Just last week, Amazon added $2.1 billion — its “biggest investment ever” — to improve driver safety and raise driver wages.

Unionized warehouse workers told Ars they are seeking a similar investment from Amazon, which currently pays an average minimum wage of $20.50.

“We work at a breakneck pace,” Christine Manno, an Amazon fulfillment center worker at Amazon site STL8 in St. Louis, Missouri, who was injured and never expects to work again, told Ars. “We put smiles on the faces of billionaires, and we think this is prime time for real growth for workers. Many of us are struggling with food and housing, yet Andy Jassy took home over $14,000 an hour last year and Amazon is making billions in profits.”

On Wednesday, Amazon finally appeared to bow to pressure from warehouse workers by announcing a compromise on wage increases. The company said it is investing $2.2 billion to raise hourly supplement workers' base pay to “above $22 an hour and above $29 an hour with benefits,” Reuters reported.

But while workers have claimed victory, they are no longer going to sit back and take a pay bump. Ash Judd, an STL8 worker on the organizing committee with Manno, told Ars that workers “raised this $1.50 through our tireless organizing, and we will continue to fight until we reach $25.”

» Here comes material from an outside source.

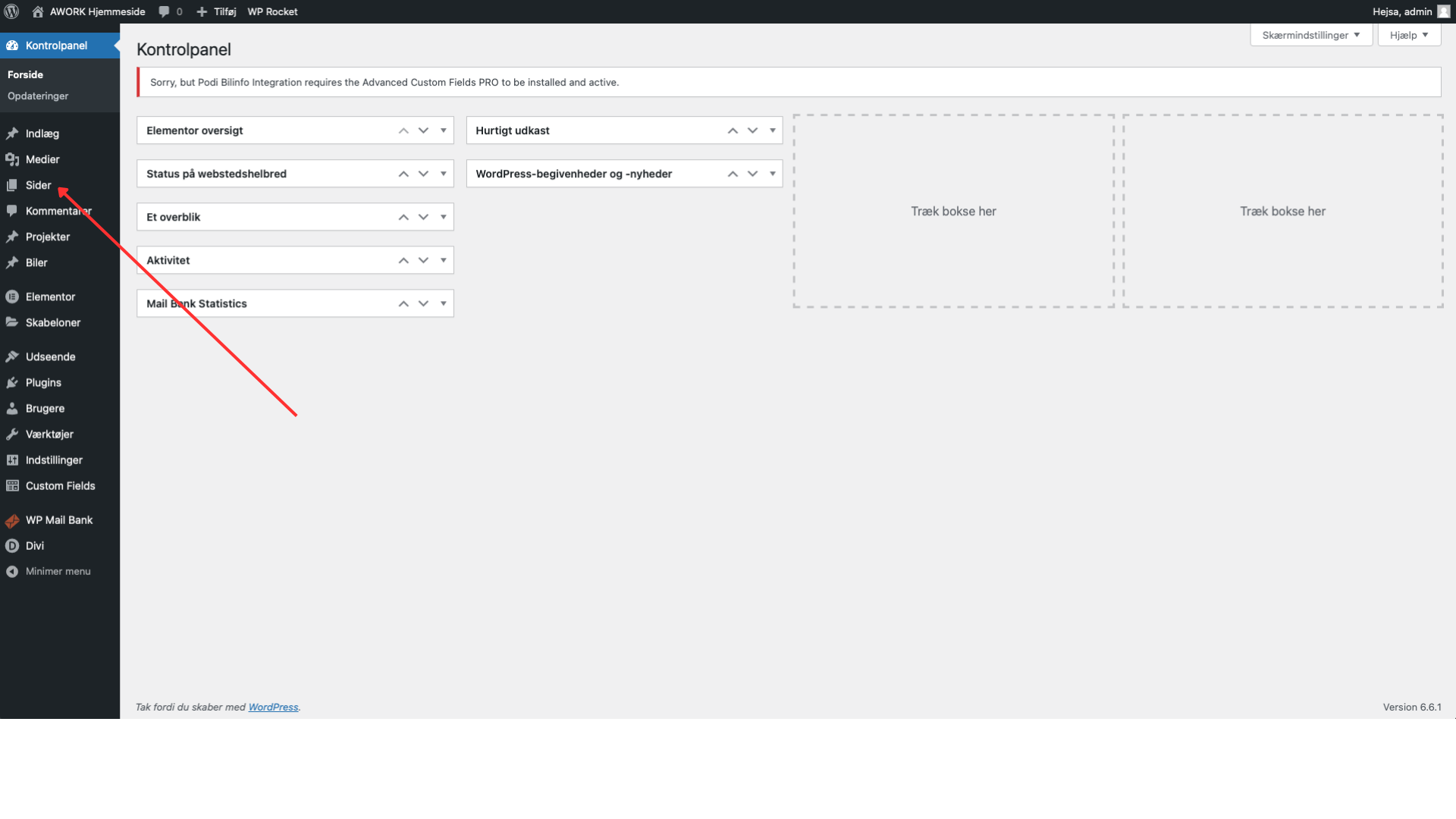 Trin 1 Log ind på dit kontrolpanel (har du glemt dine loginoplysninger, så kan du skrive til support@awork.dk og bede om nyt). Trin 2 Klik på “Sider” i venstre sidebar. Trin 3 Klik på knappen “Tilføj ny” som er øverst oppe og i venstre sidebar. Trin ...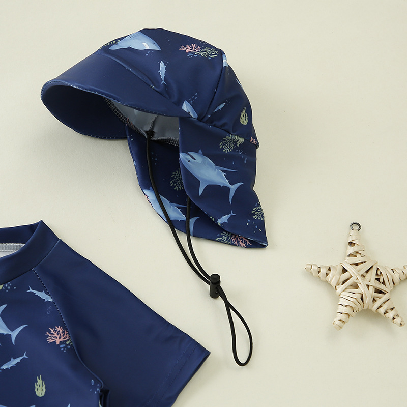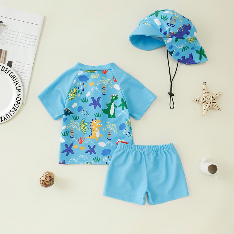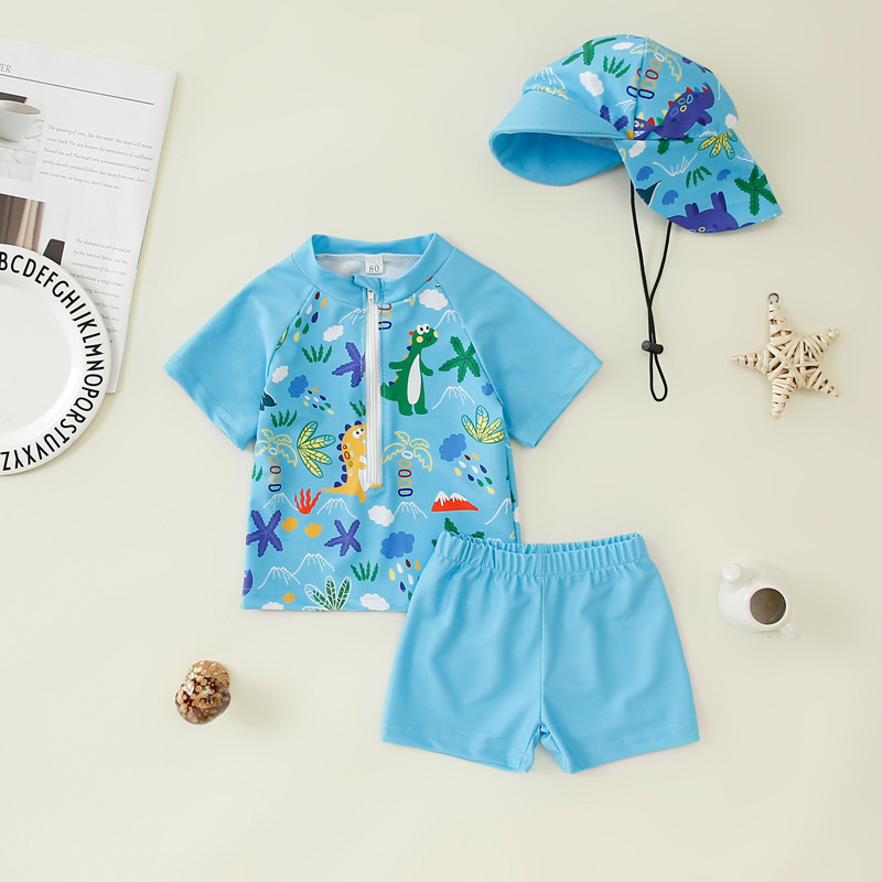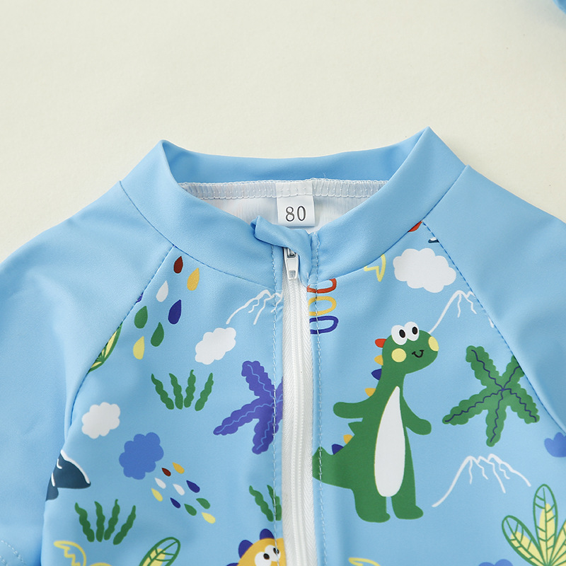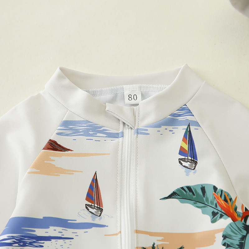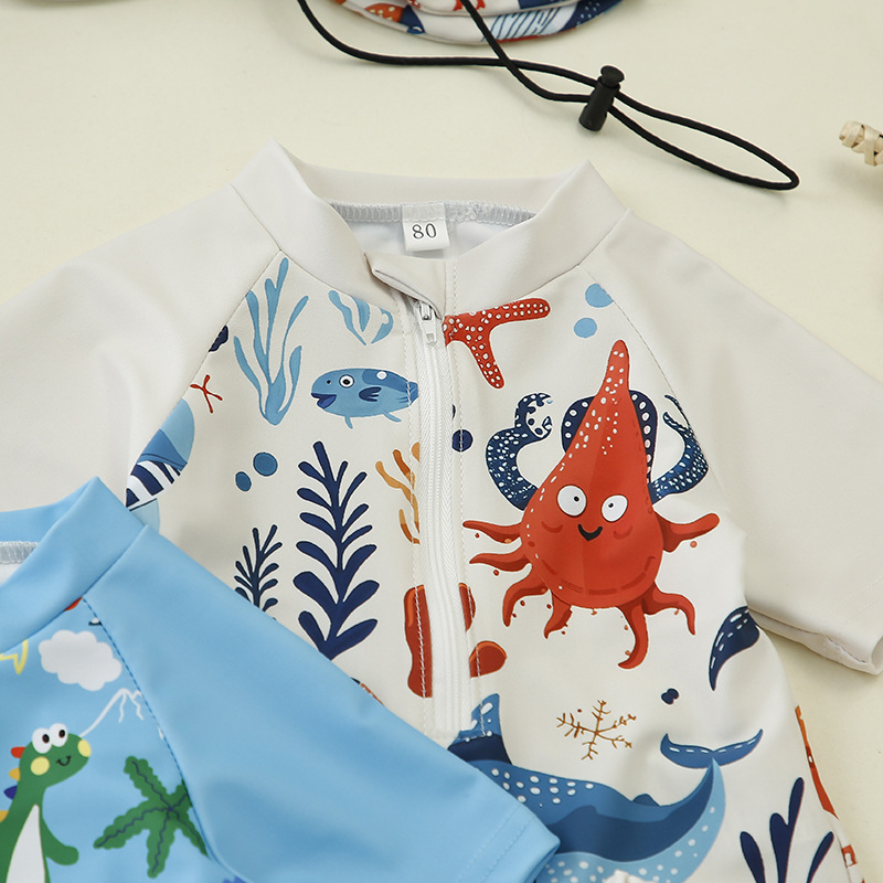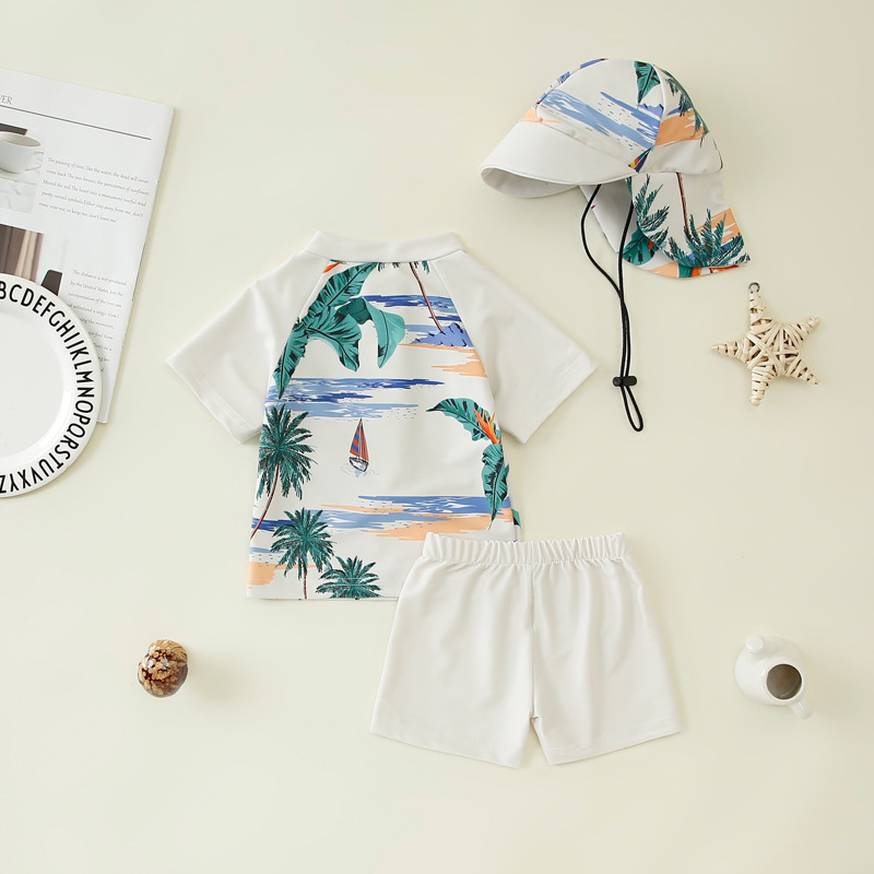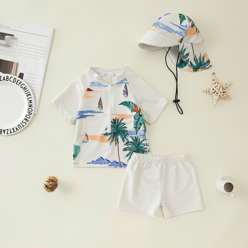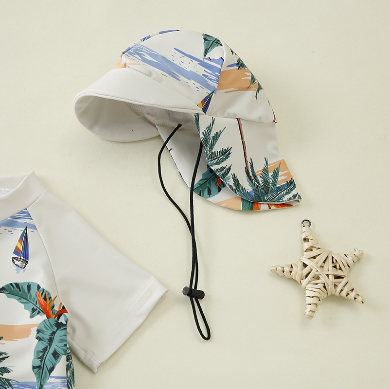 국경 간 아동복 소년의 풀 프린트 원피스 수영복 소년 아기의 반 오픈 원피스 수영복 어린이 수영복 모자

Given recent gains and the increasingly dire financial plight of workers, Amazon workers likely won't be easing into the e-commerce giant anytime soon. Some office workers told Fortune they are looking for other remote work to avoid returning to the office, threatening “soft exits” and claiming Amazon is “regressing” with stricter office policies than pre-Covid times. “This is a layoff in disguise,” one apparent worker complained on Reddit. “Get back to the office or you'll be fired and we won't have to pay any severance or unemployment.”

With many workers frustrated, it may now be a question of when Amazon will respond to their growing demand, according to Beth Gutelius, director of research at the Center for Urban Economic Development at the University of Illinois at Chicago.

“Research shows that the presence of collective bargaining agreements exerts upward pressure on wages and working conditions, both in facilities that are unionized and those that are not,” Gutelius told Ars. “Based on that evidence, I would expect working conditions at Amazon to improve.”

Gutelius co-authored a May report documenting the financial insecurity of Amazon warehouse workers by surveying more than 1,400 across 42 states.